It became a routine. On the days that followed my 'morning of awakening', Miaka spent every night with me. It felt to me as though a section of reality had vanished and this nightly scenario was put in its place. Everything around us was perfectly normal; everyone went about their daily habitual activities, taking heed to my health in supplying anything I would need to aid in my recovery. As it was, I was left in peace, and of course, to my utter wonderment, no one questioned Miaka's behavior. I suppose it wasn't anything major, it was simply a strange and sudden change that, I guess, nobody else noticed (not even Tamahome...). Maybe all the others had predicted Miaka would act this way...remaining by me constantly...or maybe they just figured it was her way of coping, of convalescing from the distress of witnessing a close friend near death. It SEEMED to make sense, so I left it alone, and allowed Miaka to do what she pleased in hopes that she would soon return to her usual self and start acting like that loveable idiot again. I was beginning to miss the old, clumsy, gluttonous behavior of her formal nature...a serious, somber Miaka did none of us any good...

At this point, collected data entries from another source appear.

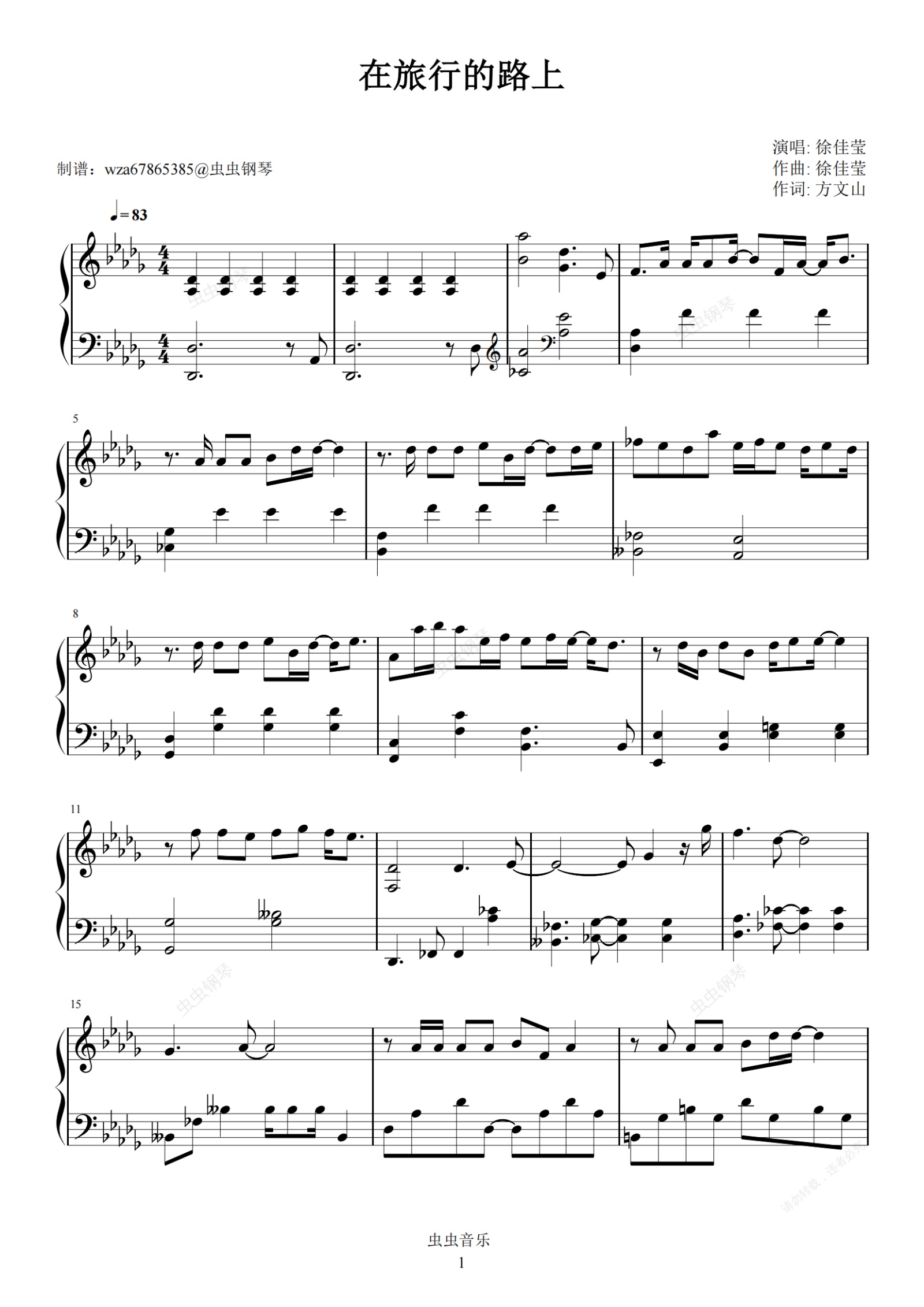 钢琴谱:在旅行的路上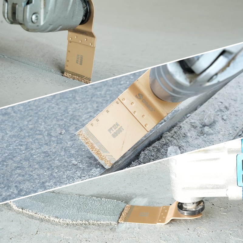 - The straight and thin design makes the oscillating tool blades perfectly fit into tight spaces that other oval grout blades can't. It can achieve application like finishing the installation of electronics and cutting through grout, cement board and even concrete, digging out a grout job on a tile floor around some door frames, cutting panel to install outdoor outlets, etc.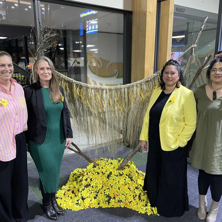 Further down the country Daffodil Day activities include the creation of an art installation on display at Tauranga Airport of a 2m-wide flax pākē (protective cloak). Entitled “He Pākē o te Aroha” A cloak of love, the piece symbolises the support offered by the Cancer Society as a strong strand weaving into the support network of someone facing a cancer journey.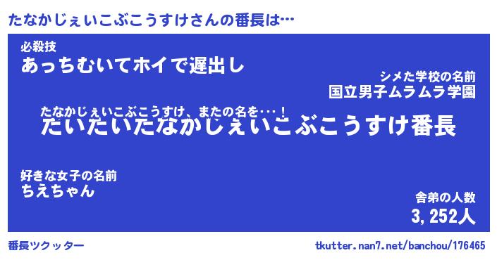 | 男性向けラノベタイトル風あだ名 | 『たなかじぇいこぶこうすけの憂鬱』 |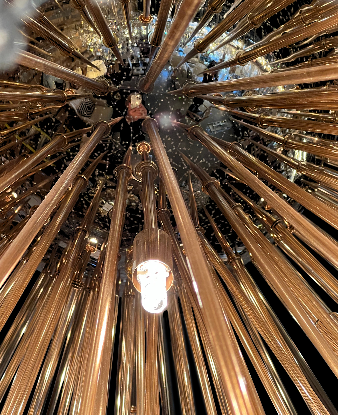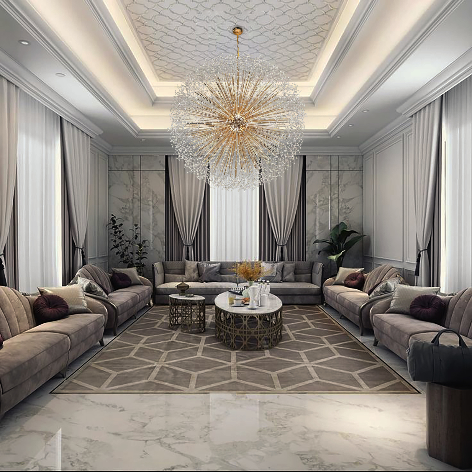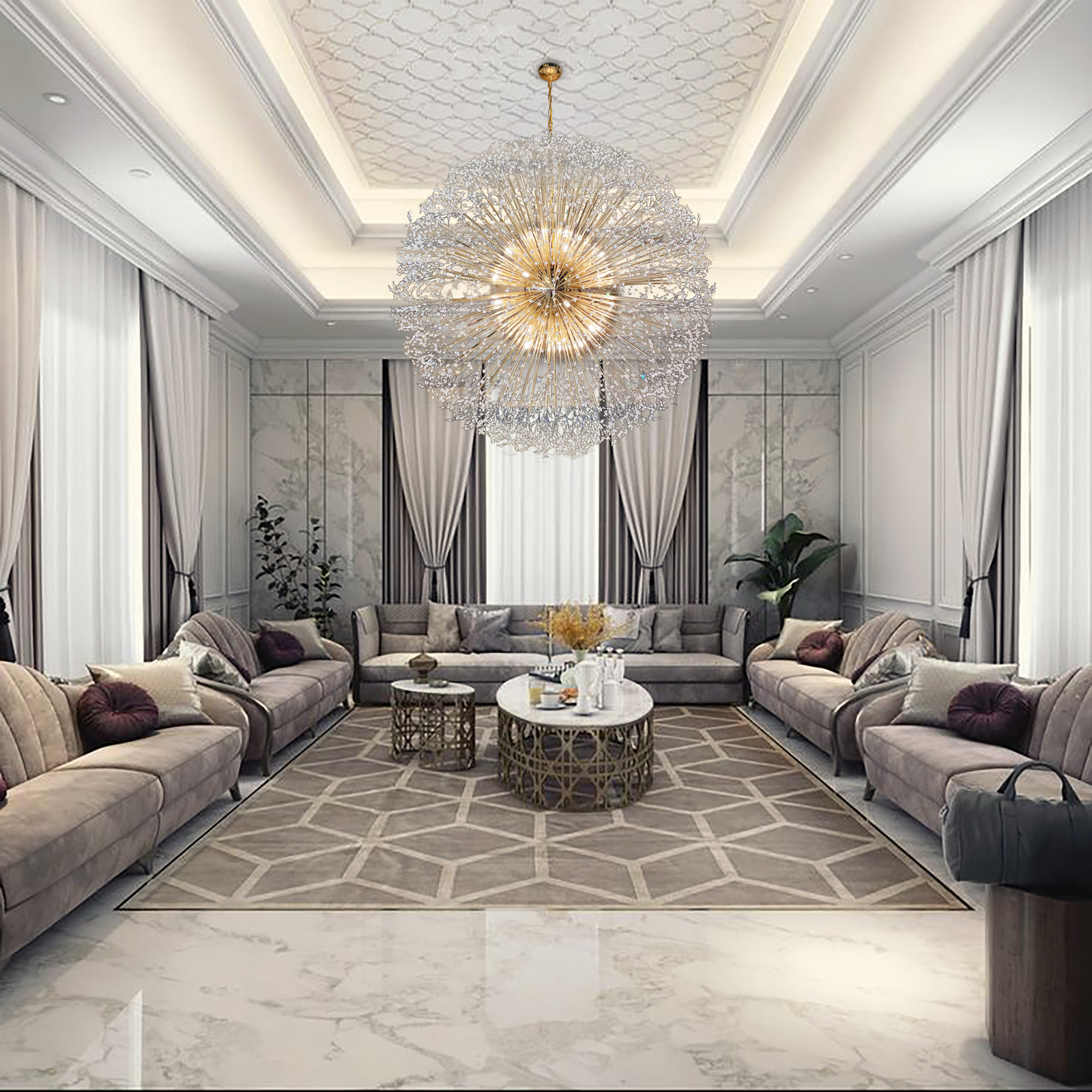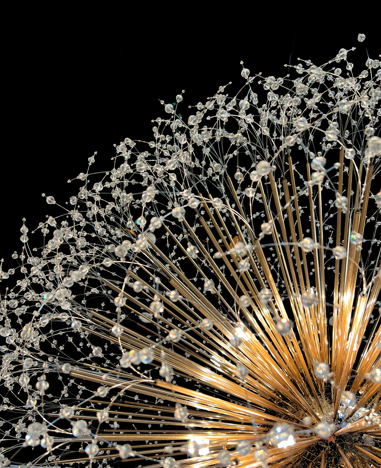 - this chandelier is filled with a high density of crystal and golden tubes, designed by the best lighting engineers in the United States of America This chandelier is like a shining planet in the sky, We designed the bulbs in a very small size and with incandescent lights to suit the design, The pictures will not reflect to you how beautiful this chandelier is, it will be completely different in your home .

Our evenings were most often uneventful. She would creep into my room, pull that single stool over to my bedside, and lean over the mattress, making idle conversation. Each day I grew stronger, and the continuous pain in my torso slowly began to fade. Miaka would ask each night how I felt, if there was anything she could do for me...etc. On the fourth night I'd been conscious, she reminded me that my week was almost up and we would soon be forced to travel to the west in search of the second Shinzaho. I politely informed her that the week was all I needed.

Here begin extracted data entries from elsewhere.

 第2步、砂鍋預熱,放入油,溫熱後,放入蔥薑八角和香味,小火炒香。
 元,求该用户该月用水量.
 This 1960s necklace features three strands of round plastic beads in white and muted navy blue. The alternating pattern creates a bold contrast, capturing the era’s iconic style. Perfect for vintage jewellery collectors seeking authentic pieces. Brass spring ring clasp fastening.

It wasn't until the fifth night when our ordinary chitchat was altered, as in...there wasn't any...

I'd slept into the afternoon on that particular day. Mitsukake had come in to wake me, and change my bandages. As he tended to my wounds, he notified me that Miaka had gone with the team excluding his Highness to meet with Taiitsukun at some random location and wouldn't return until later that evening. He also paused at the door to mention that Miaka had chosen a large breakfast, and that he felt she was also getting better.

I, of course, had yet to see any improvement.

And on that fifth night...everything...everything began to change...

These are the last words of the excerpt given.